Segment Start: Dataset extract

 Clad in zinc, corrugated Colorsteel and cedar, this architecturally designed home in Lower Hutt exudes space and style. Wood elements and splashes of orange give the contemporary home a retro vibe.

Segment End: Dataset extract
Segment Start: Dataset extract

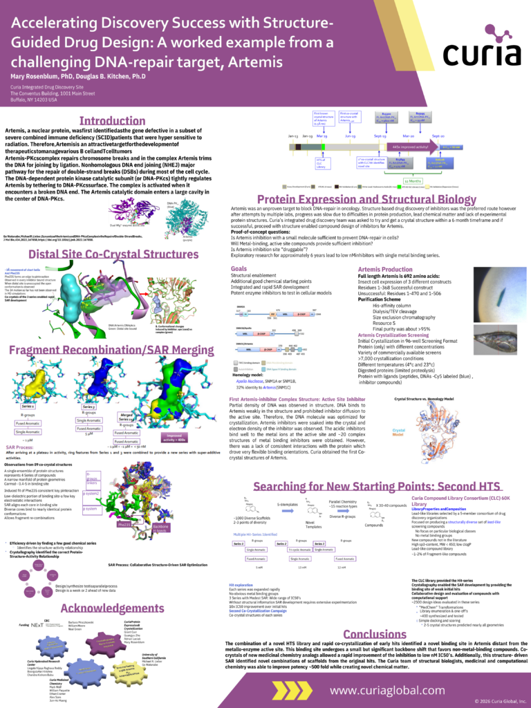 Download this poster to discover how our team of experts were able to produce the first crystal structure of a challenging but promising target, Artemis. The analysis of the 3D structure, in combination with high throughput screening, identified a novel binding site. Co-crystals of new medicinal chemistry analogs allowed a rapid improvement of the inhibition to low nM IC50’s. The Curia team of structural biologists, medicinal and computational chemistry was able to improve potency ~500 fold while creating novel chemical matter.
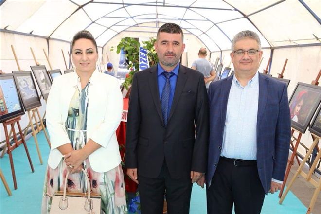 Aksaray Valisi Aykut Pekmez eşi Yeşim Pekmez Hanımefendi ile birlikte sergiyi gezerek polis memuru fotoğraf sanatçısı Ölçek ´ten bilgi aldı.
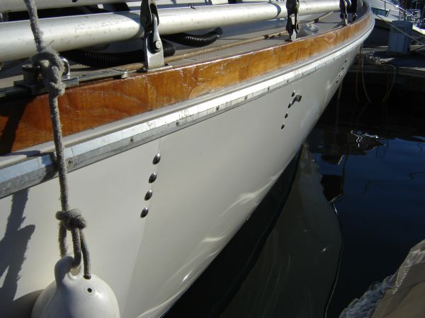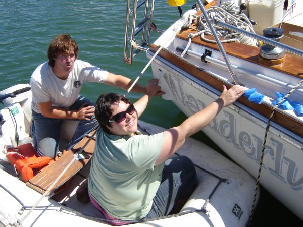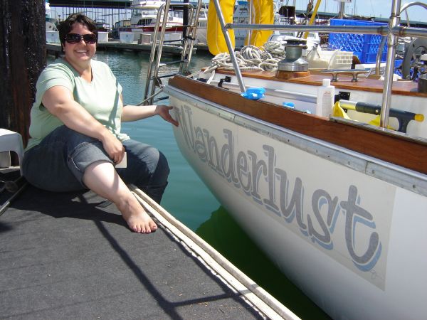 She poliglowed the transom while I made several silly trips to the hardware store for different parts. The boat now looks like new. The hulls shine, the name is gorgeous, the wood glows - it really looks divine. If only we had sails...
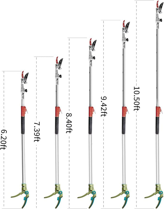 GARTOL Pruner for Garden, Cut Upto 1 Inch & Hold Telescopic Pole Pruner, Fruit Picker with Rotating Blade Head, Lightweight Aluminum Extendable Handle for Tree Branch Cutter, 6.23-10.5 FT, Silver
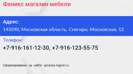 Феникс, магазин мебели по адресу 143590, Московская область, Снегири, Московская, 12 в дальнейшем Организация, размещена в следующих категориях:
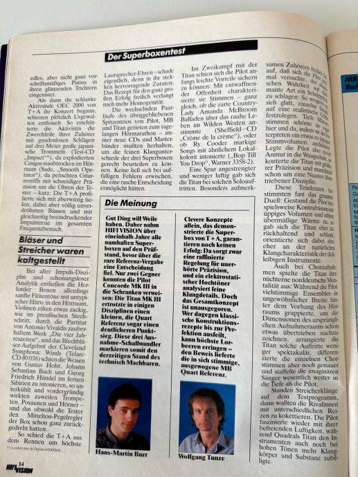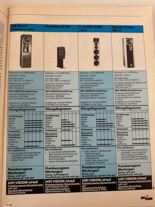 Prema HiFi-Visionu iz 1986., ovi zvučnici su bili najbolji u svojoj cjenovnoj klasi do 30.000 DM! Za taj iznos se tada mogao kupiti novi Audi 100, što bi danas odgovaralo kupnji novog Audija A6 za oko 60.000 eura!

Segment End: Dataset extract

> Goal of the exercise: Nothing but the lines from the one with "She poliglowed the" to the one with "Prema HiFi-Visionu iz" above, both included, should be transcribed, exactly and without pictures.

> Output of the task:
 She poliglowed the transom while I made several silly trips to the hardware store for different parts. The boat now looks like new. The hulls shine, the name is gorgeous, the wood glows - it really looks divine. If only we had sails...
 GARTOL Pruner for Garden, Cut Upto 1 Inch & Hold Telescopic Pole Pruner, Fruit Picker with Rotating Blade Head, Lightweight Aluminum Extendable Handle for Tree Branch Cutter, 6.23-10.5 FT, Silver
 Феникс, магазин мебели по адресу 143590, Московская область, Снегири, Московская, 12 в дальнейшем Организация, размещена в следующих категориях:
 Prema HiFi-Visionu iz 1986., ovi zvučnici su bili najbolji u svojoj cjenovnoj klasi do 30.000 DM! Za taj iznos se tada mogao kupiti novi Audi 100, što bi danas odgovaralo kupnji novog Audija A6 za oko 60.000 eura!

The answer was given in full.